South Africans may face a severe shortage of French fries in coming months, as dramatic new import duties on European producers block supply to the local market, experts warn.
They said that the International Trade Administration Commission (ITAC) imposed heavy import tariffs on frozen French fries which came into effect in July in an alleged attempt to protect the local industry from ‘dumping’ or being undercut by artificially lowered prices. This includes duties on frozen chips from Belgium of up to 23.06 percent and up to 104.52 percent from the Netherlands, while German suppliers have been hardest hit with new duties of 181.05 percent.
According to Fred Hume, Managing Director of leading import-export business Hume International, however, the South African potato industry does not supply enough raw material to meet the local market’s need for frozen French fries.
Notably, South African French fry producers tend to prioritise contracts to retailers, fast food chains and quick service restaurants, and only then sell surplus–if any– to customers such as independent restaurants, wholesalers, hotels, and caterers.

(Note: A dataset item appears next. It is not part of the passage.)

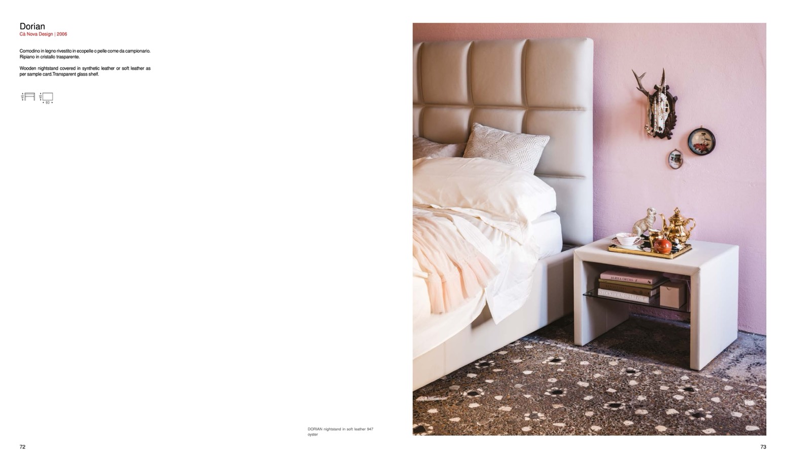 Comodino in legno rivestito in ecopelle o pelle come da campionario.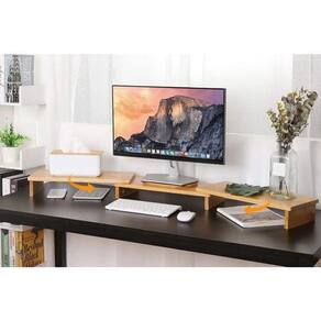 Suporte Triplo Monitor Tv Mesinha Em Madeira Maciça

Hume said these customers rely on frozen French fry imports to meet their needs for the simple reason that they were not able to get consistent supply locally. “But the timing of these new duties is especially irrational given the poor local potato harvests seen in recent months, which have limited supply even further. Ultimately, it’s not a question of dumping or cheaper prices–in many cases, these customers will actually pay more for the imported products just to guarantee their supply of quality fries.”
Pedros Flame Grilled Chicken Operations Director Moosa Bux said that they were heavily impacted by the import duties on french fries, as it was their core product. “And this import duty cannot come at a worst time. It's the perfect french fry storm. Local producers were already on the back foot with production due to the loadshedding last month. European countries are having heat waves affecting the crop yield, the SA market yield is not the best currently, other food prices are rising including the cost of fuel and shipping rates to bring these products into the country, and the government now imposes a tariff. It makes no sense, Bux said.
He said that they were unable to get sufficient supply in the local market anyways, so they were now paying a higher price for imported french fries, and driving inflationary pressures further. “The European market is not dumping chips here, we do not have enough local supply and we have contacted all 3 major local producers and none have stock for us. Even their large local existing customers cannot get a supply agreement in place with the french fry producers due to the shortages. We hope this decision is reversed as soon as possible.” Bux added.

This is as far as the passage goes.